### Task instructions
Once the line holding "до столиці Німеччини." appears, repeat it and each line after it to the end of the data, exactly and with nothing else; pictures stay out.

-- Data provided follows --

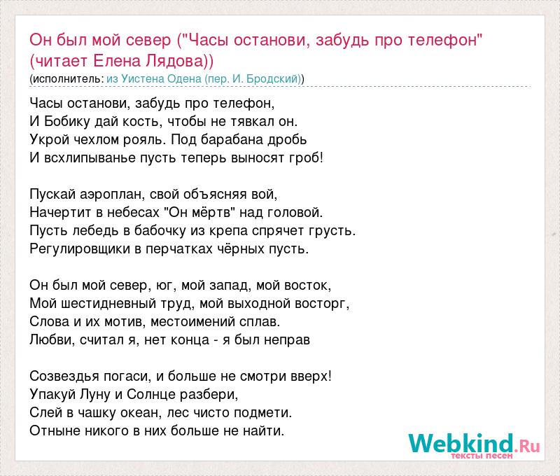 Главная→Исполнители→Из Уистена Одена (пер. И. Бродский)→Он был мой север ("Часы останови, забудь про телефон" (читает Елена Ляд
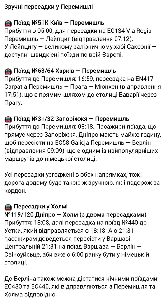 • Потяг №31/32 Запоріжжя - Перемишль. Прибуття до Перемишля: 08:18. Пасажири, що прямують через Запоріжжя та Дніпро, мають майже годину, щоб пересісти на EC58 Galicja Перемишль – Берлін (відправлення о 09:09) – один із найпопулярніших маршрутів до столиці Німеччини.
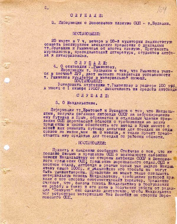 | Протокол № 3-4 заседания Правления Воронежского отделения ССП от 16 марта 1936 г. |
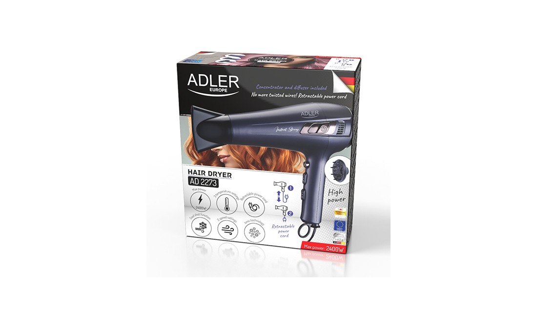 Poznaj suszarkę do włosów Adler AD 2273, która łączy w sobie wysoką moc, zaawansowaną technologię i wygodę użytkowania. Dzięki zwijanemu przewodowi, technologii jonizacji oraz funkcji chłodnego nadmuchu, suszarka ta spełnia wszystkie potrzeby związane z pielęgnacją włosów. Dodatkowe akcesoria, takie jak koncentrator powietrza i dyfuzor, umożliwiają tworzenie różnorodnych stylizacji.

-- Data provided concluded --

### Written reply
 • Потяг №31/32 Запоріжжя - Перемишль. Прибуття до Перемишля: 08:18. Пасажири, що прямують через Запоріжжя та Дніпро, мають майже годину, щоб пересісти на EC58 Galicja Перемишль – Берлін (відправлення о 09:09) – один із найпопулярніших маршрутів до столиці Німеччини.
 | Протокол № 3-4 заседания Правления Воронежского отделения ССП от 16 марта 1936 г. |
 Poznaj suszarkę do włosów Adler AD 2273, która łączy w sobie wysoką moc, zaawansowaną technologię i wygodę użytkowania. Dzięki zwijanemu przewodowi, technologii jonizacji oraz funkcji chłodnego nadmuchu, suszarka ta spełnia wszystkie potrzeby związane z pielęgnacją włosów. Dodatkowe akcesoria, takie jak koncentrator powietrza i dyfuzor, umożliwiają tworzenie różnorodnych stylizacji.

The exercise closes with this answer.